Deep learning algorithms for near-infrared spectroscopy-based quantitative analysis of binary adulteration in camellia oil
摘要
Camellia oil is highly susceptible to adulteration with cheap oils such as maize oil, soybean oil, and rapeseed oil due to its high nutritional and economic value. It is urgent to develop non-destructive detection techniques with high accuracy and reliability. This study employed near-infrared spectroscopy combined with deep learning algorithms for the quantitative analysis of binary adulteration in camellia oil. The results showed that long short-term memory models exhibited the best overall performance, achieving coefficient of determination for prediction values of 0.9964 and 0.9934 and residual predictive deviation of validation values of 6.91 and 11.68 for camellia-maize oil mixture and camellia oil adulterated with soybean oil samples, respectively.
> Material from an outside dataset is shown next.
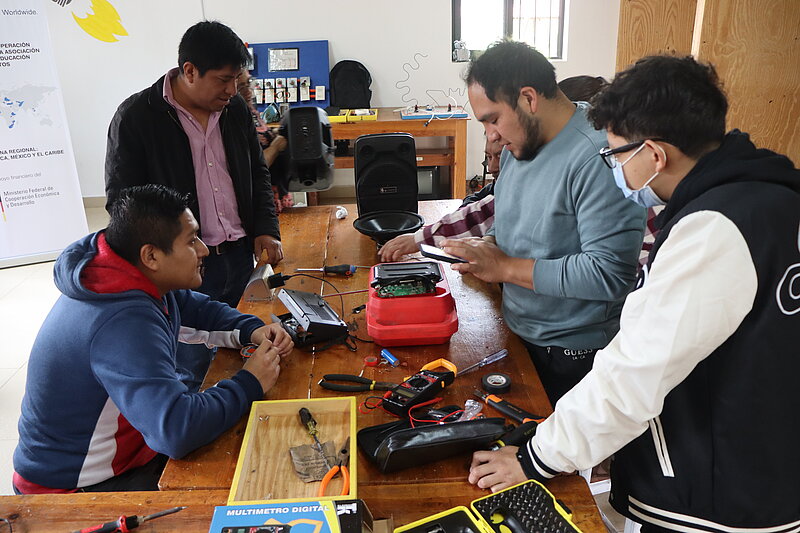 Entre el 14 y el 18 de octubre, se realizó por tercera vez la semana de reparación de electrodomésticos en el Centro de Desarrollo de Capacidades 'La Albarrada'. Con apoyo de DVV International, diez personas participaron de este taller, llevando sus aparatos electrónicos descompuestos para intentar darles una nueva vida.

The findings indicated that the long short-term memory model achieved an excellent performance, outperforming all traditional models and highlighting its superior ability to model the nonlinear relationships inherent in spectral data. This study has confirmed the feasibility of combining near-infrared spectroscopy with deep learning algorithms for the quantitative analysis of binary adulteration in camellia oil. As mentioned above, the proposed approach has offered an efficient and non-destructive solution for edible oil quality control and supported significant practical value for ensuring food safety.